AIM OF THE TASK: Please copy out the entries below exactly, beginning with the line that contains "6.ライフサイクルルールのア" and ending with the line that contains "This episode of", and include nothing outside that span.

PROVIDED MATERIAL:
###

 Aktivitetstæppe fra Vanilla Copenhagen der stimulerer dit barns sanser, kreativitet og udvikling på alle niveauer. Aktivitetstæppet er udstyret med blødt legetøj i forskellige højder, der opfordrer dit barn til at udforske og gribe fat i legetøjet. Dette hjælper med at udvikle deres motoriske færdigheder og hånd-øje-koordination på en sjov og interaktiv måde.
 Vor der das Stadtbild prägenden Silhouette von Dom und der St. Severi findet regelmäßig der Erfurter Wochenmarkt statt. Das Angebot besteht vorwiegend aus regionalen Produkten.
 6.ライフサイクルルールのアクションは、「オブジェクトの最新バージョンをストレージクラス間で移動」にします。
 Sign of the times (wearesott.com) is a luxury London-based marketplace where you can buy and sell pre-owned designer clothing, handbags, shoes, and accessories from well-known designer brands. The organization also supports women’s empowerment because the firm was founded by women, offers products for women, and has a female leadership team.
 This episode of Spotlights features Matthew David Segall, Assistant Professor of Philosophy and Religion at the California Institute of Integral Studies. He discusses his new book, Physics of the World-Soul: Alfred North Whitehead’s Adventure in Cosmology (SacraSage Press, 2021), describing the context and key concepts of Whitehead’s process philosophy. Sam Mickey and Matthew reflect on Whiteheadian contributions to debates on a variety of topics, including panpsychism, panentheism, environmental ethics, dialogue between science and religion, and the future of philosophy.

###

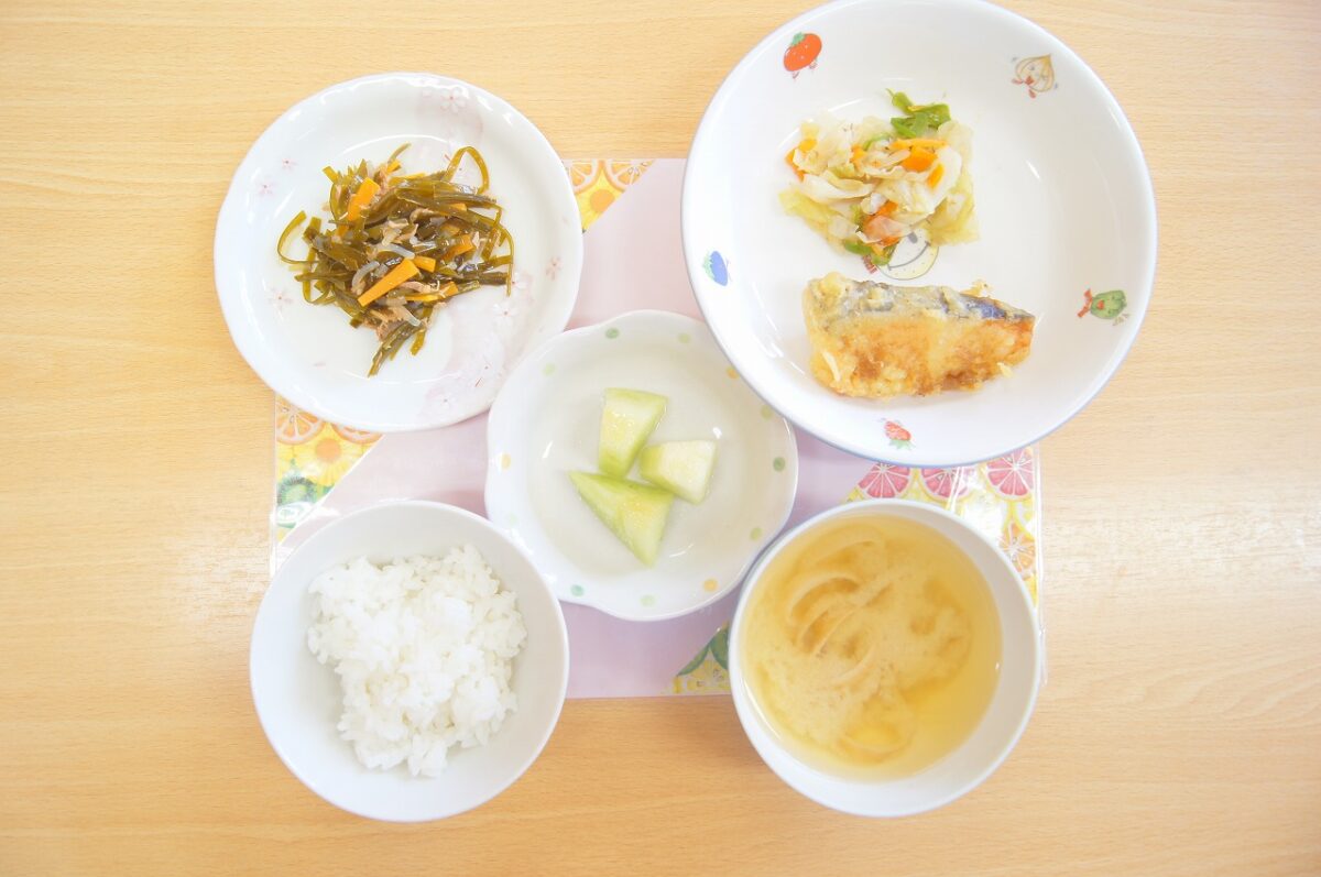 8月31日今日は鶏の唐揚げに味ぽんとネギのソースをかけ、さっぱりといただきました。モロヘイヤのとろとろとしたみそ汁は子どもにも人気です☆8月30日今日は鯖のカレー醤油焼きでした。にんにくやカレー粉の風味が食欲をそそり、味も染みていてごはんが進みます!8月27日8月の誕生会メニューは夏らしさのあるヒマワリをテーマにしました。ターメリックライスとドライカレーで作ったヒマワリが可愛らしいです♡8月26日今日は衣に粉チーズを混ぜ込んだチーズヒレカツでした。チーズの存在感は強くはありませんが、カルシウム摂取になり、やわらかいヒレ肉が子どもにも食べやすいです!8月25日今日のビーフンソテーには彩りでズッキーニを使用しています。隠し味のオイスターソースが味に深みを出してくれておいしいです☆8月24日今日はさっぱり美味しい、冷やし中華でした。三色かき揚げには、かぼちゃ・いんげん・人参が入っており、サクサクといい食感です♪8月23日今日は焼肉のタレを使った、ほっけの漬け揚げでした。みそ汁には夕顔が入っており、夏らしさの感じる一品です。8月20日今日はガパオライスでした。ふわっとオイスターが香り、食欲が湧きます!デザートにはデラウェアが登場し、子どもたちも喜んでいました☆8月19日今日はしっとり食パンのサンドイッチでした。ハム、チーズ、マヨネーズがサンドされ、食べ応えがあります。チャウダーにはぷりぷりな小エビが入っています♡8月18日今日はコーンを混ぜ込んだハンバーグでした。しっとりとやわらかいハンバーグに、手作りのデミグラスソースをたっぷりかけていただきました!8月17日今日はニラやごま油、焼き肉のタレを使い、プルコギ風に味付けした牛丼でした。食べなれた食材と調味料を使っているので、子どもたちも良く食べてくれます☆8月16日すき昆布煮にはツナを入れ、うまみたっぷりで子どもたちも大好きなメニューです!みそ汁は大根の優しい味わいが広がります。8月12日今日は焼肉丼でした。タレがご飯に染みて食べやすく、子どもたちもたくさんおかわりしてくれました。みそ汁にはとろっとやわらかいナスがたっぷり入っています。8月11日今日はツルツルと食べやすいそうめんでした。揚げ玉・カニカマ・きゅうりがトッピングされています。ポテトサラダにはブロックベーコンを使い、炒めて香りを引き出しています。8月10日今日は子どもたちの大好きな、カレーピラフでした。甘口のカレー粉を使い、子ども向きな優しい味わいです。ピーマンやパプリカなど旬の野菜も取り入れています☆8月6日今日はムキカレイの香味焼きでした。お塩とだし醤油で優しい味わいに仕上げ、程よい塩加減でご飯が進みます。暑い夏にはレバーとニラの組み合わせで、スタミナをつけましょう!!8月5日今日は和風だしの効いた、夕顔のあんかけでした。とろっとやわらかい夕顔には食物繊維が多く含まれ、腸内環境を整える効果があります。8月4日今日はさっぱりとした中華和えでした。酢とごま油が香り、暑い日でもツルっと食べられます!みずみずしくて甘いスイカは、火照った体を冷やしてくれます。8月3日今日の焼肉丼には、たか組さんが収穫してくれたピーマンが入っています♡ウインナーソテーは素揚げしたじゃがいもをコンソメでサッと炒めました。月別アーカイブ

###

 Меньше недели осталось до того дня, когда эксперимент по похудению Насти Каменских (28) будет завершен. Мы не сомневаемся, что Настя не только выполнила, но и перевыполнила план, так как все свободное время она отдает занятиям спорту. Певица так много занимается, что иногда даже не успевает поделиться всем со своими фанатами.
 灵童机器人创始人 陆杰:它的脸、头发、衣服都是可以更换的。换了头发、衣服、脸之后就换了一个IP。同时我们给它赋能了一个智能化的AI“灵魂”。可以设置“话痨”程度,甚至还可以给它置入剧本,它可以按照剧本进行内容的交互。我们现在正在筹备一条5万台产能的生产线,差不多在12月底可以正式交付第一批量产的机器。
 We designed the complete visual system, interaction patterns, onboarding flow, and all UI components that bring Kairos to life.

###

TASK OUTPUT:
 6.ライフサイクルルールのアクションは、「オブジェクトの最新バージョンをストレージクラス間で移動」にします。
 Sign of the times (wearesott.com) is a luxury London-based marketplace where you can buy and sell pre-owned designer clothing, handbags, shoes, and accessories from well-known designer brands. The organization also supports women’s empowerment because the firm was founded by women, offers products for women, and has a female leadership team.
 This episode of Spotlights features Matthew David Segall, Assistant Professor of Philosophy and Religion at the California Institute of Integral Studies. He discusses his new book, Physics of the World-Soul: Alfred North Whitehead’s Adventure in Cosmology (SacraSage Press, 2021), describing the context and key concepts of Whitehead’s process philosophy. Sam Mickey and Matthew reflect on Whiteheadian contributions to debates on a variety of topics, including panpsychism, panentheism, environmental ethics, dialogue between science and religion, and the future of philosophy.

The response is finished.